How does all this affect the rest of the population (like us), the majority of people not honing their tans in times of turbulence and pruning their stock portfolios? Actually, artworks for sale at the lower rungs of the price spectrum are doing better than one would have thought. A new study by art economist guru Clare McAndrew, titled “The New York Art Market Report” (as mentioned in the November 19 edition of the Financial Times), stated that of the three thousand collectors for high-end art worldwide (That’s it? Yikes!), more than half live in New York — and by extension the Hamptons and Palm Beach — and 84% buy artworks for less than $50,000 each and 37% below $10,000. That bodes well for small-to-mid-level galleries and the artists that populate their rosters.

Paul Thek, Untitled (Meat Cable), 1968-69. Wax on steel cable with two turnbuckles. 168 x 3 x 2 1/2 in. Photography by Veli-Matti Hoikka. Courtesy of Hannah Hoffman, Los Angeles. © The Estate of George Paul Thek.

As an avid observer of all things art, I admit I haven’t been to any online viewing rooms (OVR) or digital iterations of art fairs. I don’t like the cumbersome sign-in procedures, and after initially listing all the prices of works on offer, this unusual (for the art world) tendency for transparency has come to pass — from what I’ve heard, anyway. I figure anything good will filter down to Instagram, that democratic, anarchistic wrecking ball, which has democratized access to art for a wide array of participants, exposing more people to art than any other platform on the planet.

I even started my own version, called OOPS (One Outstanding Person Show) on Insta and www.KennySchachter.art to expose and disseminate artists young and old in need of a foothold into the marketplace. It’s gone remarkably well, creating opportunities far beyond the scope of offering a handful of artworks online, including subsequent gallery representation; and for the first time in my career, a collector purchased two works and turned down the de rigueur discount! I’m still reeling from that experience.

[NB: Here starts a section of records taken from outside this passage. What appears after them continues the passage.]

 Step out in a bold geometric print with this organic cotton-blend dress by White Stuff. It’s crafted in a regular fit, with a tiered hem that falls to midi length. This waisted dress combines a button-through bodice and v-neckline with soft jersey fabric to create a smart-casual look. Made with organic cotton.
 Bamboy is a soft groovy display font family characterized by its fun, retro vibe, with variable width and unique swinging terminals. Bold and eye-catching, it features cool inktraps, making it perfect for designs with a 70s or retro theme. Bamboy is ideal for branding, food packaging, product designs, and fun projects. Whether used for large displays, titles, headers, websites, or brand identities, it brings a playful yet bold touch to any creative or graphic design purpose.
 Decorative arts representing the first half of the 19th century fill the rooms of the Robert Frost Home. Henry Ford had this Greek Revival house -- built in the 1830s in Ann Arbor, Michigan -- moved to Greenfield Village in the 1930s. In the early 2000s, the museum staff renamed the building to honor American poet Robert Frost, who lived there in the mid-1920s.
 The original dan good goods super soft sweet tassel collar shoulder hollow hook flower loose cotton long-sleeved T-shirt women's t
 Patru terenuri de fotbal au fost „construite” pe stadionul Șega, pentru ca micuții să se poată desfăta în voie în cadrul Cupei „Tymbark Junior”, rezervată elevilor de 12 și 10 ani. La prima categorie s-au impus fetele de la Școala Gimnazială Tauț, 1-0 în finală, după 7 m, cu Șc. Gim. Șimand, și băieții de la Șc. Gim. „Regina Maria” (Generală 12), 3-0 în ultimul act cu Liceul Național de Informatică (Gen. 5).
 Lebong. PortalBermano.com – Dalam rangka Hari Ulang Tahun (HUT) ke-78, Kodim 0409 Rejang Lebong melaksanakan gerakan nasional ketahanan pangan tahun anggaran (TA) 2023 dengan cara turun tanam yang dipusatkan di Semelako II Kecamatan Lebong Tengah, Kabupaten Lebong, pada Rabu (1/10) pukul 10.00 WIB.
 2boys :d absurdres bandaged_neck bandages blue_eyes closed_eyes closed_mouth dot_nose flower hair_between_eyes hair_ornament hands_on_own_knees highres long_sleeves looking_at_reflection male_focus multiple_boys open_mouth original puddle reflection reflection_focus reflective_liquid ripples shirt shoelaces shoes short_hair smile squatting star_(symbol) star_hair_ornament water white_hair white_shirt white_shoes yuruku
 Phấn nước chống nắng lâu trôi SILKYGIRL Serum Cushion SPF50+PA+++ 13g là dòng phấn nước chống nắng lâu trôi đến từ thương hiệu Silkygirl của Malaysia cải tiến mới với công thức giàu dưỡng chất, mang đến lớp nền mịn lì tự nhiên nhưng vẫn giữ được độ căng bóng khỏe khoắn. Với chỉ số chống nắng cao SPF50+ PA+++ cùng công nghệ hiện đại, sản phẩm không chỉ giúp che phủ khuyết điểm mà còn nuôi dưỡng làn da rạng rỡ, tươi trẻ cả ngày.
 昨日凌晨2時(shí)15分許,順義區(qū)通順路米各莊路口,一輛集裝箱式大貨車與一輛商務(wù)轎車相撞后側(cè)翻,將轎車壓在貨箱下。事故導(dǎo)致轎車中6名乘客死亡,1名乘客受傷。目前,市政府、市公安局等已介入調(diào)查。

In conclusion, none of the above will change whatsoever until we are all safely and effectively COVID vaccinated. Basel-schmasel — it’s a pipedream to think the Hong Kong or even Swiss iterations will occur in 2021; or Frieze, Armory, or any of the ancillaries before that point in time when the pandemic is reduced to a bad dream that actually was. Hopefully, I’ll have my full sense of taste and smell back by then — at which time I’ll even miss the smell of shit — without which going to fairs to view the good, the bad, the ugly, and the over-speculated, which only serve to make the soup more tasty, would be a bore.